## REQUIRED ACTION
Starting at the line that contains "二零二三步步高, 助师正法涌前潮。 辽宁省葫芦岛市绥中县全体大法弟子恭祝慈悲伟大的师尊过年好!" and stopping at the line that contains "Helena was initially", restate each line of the records below exactly. Omit the pictures.

## PROVIDED INFORMATION
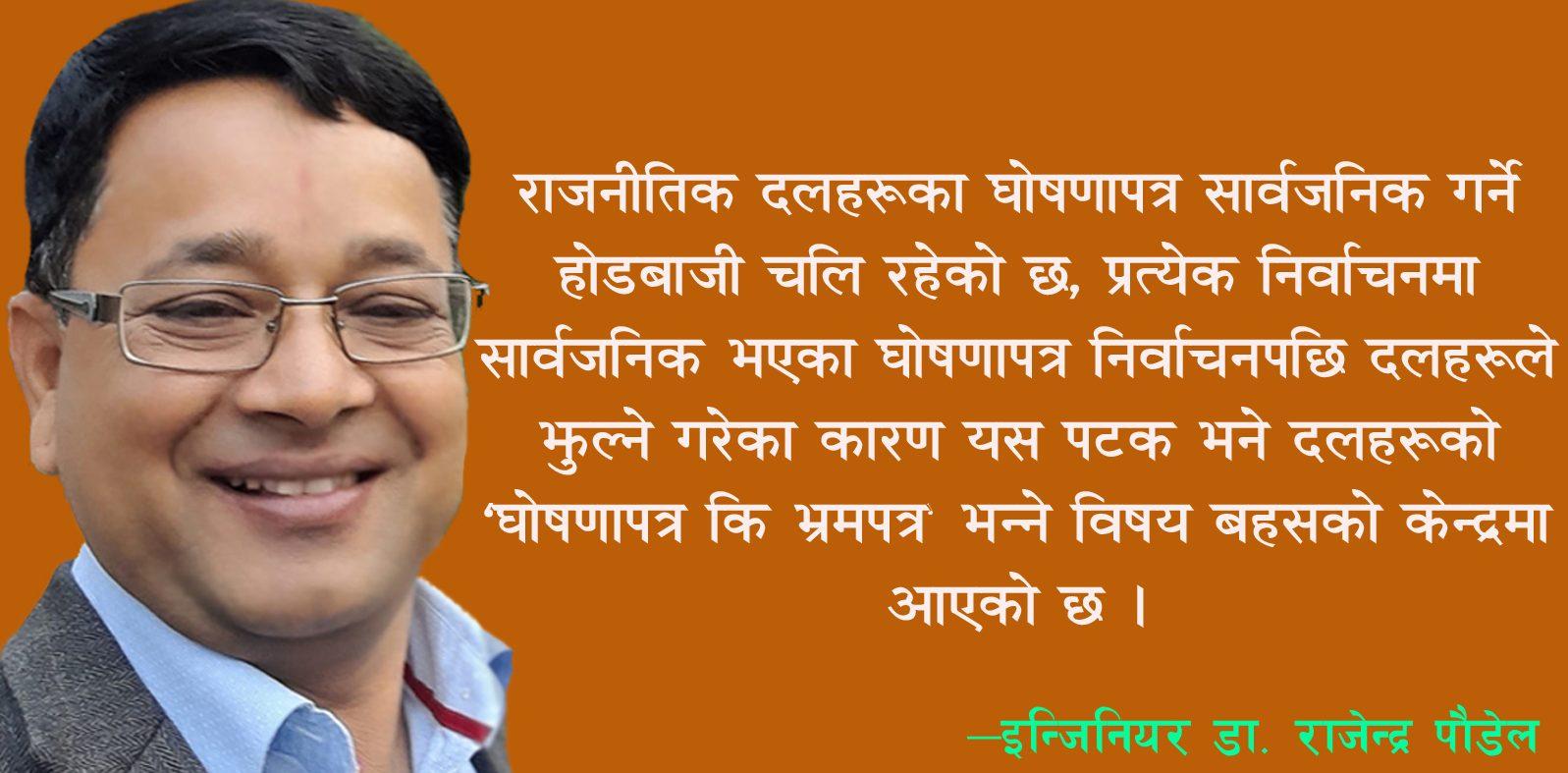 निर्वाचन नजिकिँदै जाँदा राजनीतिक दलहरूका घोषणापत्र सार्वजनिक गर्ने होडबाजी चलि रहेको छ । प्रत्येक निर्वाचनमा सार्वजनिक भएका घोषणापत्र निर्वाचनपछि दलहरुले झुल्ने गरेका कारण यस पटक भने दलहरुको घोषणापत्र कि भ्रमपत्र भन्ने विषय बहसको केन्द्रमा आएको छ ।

...

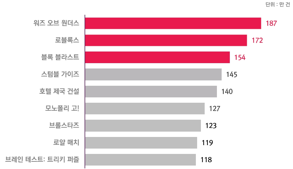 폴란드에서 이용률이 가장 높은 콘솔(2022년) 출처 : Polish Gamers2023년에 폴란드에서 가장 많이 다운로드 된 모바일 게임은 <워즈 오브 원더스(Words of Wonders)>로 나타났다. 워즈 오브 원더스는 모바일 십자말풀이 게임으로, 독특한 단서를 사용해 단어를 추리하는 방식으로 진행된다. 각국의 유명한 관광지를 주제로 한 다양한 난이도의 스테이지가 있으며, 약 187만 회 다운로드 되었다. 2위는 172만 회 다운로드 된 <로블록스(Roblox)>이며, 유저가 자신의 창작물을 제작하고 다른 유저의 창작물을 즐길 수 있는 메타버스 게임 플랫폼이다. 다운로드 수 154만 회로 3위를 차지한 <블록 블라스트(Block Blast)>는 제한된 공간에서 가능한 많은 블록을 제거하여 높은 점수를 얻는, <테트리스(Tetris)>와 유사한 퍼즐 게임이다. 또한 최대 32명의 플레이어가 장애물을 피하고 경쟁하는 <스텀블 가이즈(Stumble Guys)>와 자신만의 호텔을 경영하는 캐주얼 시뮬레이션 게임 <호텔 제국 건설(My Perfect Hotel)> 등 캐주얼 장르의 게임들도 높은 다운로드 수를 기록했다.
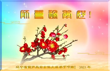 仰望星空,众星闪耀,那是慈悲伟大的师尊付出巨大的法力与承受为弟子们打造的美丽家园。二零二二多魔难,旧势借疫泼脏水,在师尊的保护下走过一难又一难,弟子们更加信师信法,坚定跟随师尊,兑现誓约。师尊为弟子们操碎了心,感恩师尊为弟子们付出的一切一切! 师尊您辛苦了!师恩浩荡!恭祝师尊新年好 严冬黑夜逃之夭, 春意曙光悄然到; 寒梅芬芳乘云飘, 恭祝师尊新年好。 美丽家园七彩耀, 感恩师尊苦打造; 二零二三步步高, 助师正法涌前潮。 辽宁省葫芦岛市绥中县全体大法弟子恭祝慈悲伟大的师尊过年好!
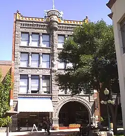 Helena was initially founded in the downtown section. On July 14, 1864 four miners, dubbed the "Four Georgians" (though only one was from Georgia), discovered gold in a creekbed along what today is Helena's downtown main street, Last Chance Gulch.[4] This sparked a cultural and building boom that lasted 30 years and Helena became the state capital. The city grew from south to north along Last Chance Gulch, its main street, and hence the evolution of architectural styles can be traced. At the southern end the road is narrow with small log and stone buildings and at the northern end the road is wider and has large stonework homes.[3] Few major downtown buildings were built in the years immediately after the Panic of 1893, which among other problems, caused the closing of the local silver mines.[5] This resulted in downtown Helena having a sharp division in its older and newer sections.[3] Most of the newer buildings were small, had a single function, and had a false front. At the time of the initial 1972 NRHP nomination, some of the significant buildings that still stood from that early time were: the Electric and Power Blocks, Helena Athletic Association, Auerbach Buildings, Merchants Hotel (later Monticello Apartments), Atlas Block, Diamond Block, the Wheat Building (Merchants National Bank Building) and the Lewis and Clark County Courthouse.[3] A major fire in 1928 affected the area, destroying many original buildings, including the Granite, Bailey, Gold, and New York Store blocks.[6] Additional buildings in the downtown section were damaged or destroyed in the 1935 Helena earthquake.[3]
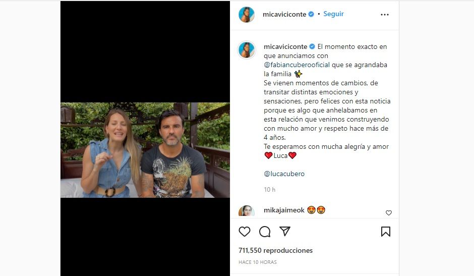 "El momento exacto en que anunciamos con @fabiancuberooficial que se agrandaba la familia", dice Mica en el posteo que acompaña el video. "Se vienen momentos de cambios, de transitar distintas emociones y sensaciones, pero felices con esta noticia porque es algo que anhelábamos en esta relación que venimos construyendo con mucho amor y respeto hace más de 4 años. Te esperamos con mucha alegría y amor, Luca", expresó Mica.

## ANSWER SPACE
 仰望星空,众星闪耀,那是慈悲伟大的师尊付出巨大的法力与承受为弟子们打造的美丽家园。二零二二多魔难,旧势借疫泼脏水,在师尊的保护下走过一难又一难,弟子们更加信师信法,坚定跟随师尊,兑现誓约。师尊为弟子们操碎了心,感恩师尊为弟子们付出的一切一切! 师尊您辛苦了!师恩浩荡!恭祝师尊新年好 严冬黑夜逃之夭, 春意曙光悄然到; 寒梅芬芳乘云飘, 恭祝师尊新年好。 美丽家园七彩耀, 感恩师尊苦打造; 二零二三步步高, 助师正法涌前潮。 辽宁省葫芦岛市绥中县全体大法弟子恭祝慈悲伟大的师尊过年好!
 Helena was initially founded in the downtown section. On July 14, 1864 four miners, dubbed the "Four Georgians" (though only one was from Georgia), discovered gold in a creekbed along what today is Helena's downtown main street, Last Chance Gulch.[4] This sparked a cultural and building boom that lasted 30 years and Helena became the state capital. The city grew from south to north along Last Chance Gulch, its main street, and hence the evolution of architectural styles can be traced. At the southern end the road is narrow with small log and stone buildings and at the northern end the road is wider and has large stonework homes.[3] Few major downtown buildings were built in the years immediately after the Panic of 1893, which among other problems, caused the closing of the local silver mines.[5] This resulted in downtown Helena having a sharp division in its older and newer sections.[3] Most of the newer buildings were small, had a single function, and had a false front. At the time of the initial 1972 NRHP nomination, some of the significant buildings that still stood from that early time were: the Electric and Power Blocks, Helena Athletic Association, Auerbach Buildings, Merchants Hotel (later Monticello Apartments), Atlas Block, Diamond Block, the Wheat Building (Merchants National Bank Building) and the Lewis and Clark County Courthouse.[3] A major fire in 1928 affected the area, destroying many original buildings, including the Granite, Bailey, Gold, and New York Store blocks.[6] Additional buildings in the downtown section were damaged or destroyed in the 1935 Helena earthquake.[3]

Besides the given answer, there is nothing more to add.